Current ML folding approaches aren’t suited for refolding with ligands. While AlphaFold3 and RoseTTAFoldAA can theoretically handle ligands, the public server version of AlphaFold3 does not allow use of arbitrary ligands (only a small number of pre-selected ones), and the locally installable version has restrictions on using the output.
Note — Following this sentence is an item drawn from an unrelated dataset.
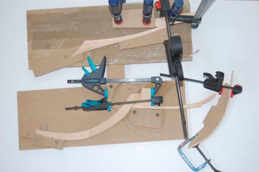 Pawęż przygotowywałem w "międzyczasie" plankowania (rys 7). Dokleiłem do stewy i ustawiłem symetrię blokując od strony kopyta wklejając po obu stronach bloki zaporowe. Możliwe było klejenie dalszych planek (rys 8). Konieczne stało się wydłużenie kopyta poprzez wstawienie wręgów z MDF i ich ustabilizowanie aby się nie kiwały (rys 9) Wykonaną na kopycie wyższą część pawęży (rys 10) dokleiłem i znowu planki w górę (rys 11 i 12)

While RoseTTAFoldAA is publicly available and does support arbitrary ligands, given the fact that RFdiffusionAA is based on RoseTTAFoldAA, its ability to independently verify the ligand positioning may be lacking. Other ML folding approaches which can handle ligands (such as Chi-1 and Boltz-1) might potentially also be used.
If you have an apo structure from refolding, and wish to see if the ligand will robustly bind in the location where it has been designed to, it is helpful to use a ligand docking protocols to see if the refolded binding pocket is structured properly to support ligand binding.
# If you're interested in trying ligand redocking, take a look at the RosettaLigand small molecule docking tutorials available at <https://meilerlab.org/tutorials/>
In this tutorial a number of different validation and analysis approaches were discussed. Not all approaches would be necessary for all design protocols, and depending on what you want in your design, you may need to add other filters and analysis steps. A design pipeline is often an iterative approach, strengthening the analysis and filtering to address pathologies seen during the design process or loosening the filtering criteria to let sufficient number of designs through. You’ll need to adjust the balance such that you get designs you’re happy with. Additionally, keep in mind that in any production design run you are likely to produce a large number of possible variants at any given stage, and you should expect that most of them will not actually be high quality.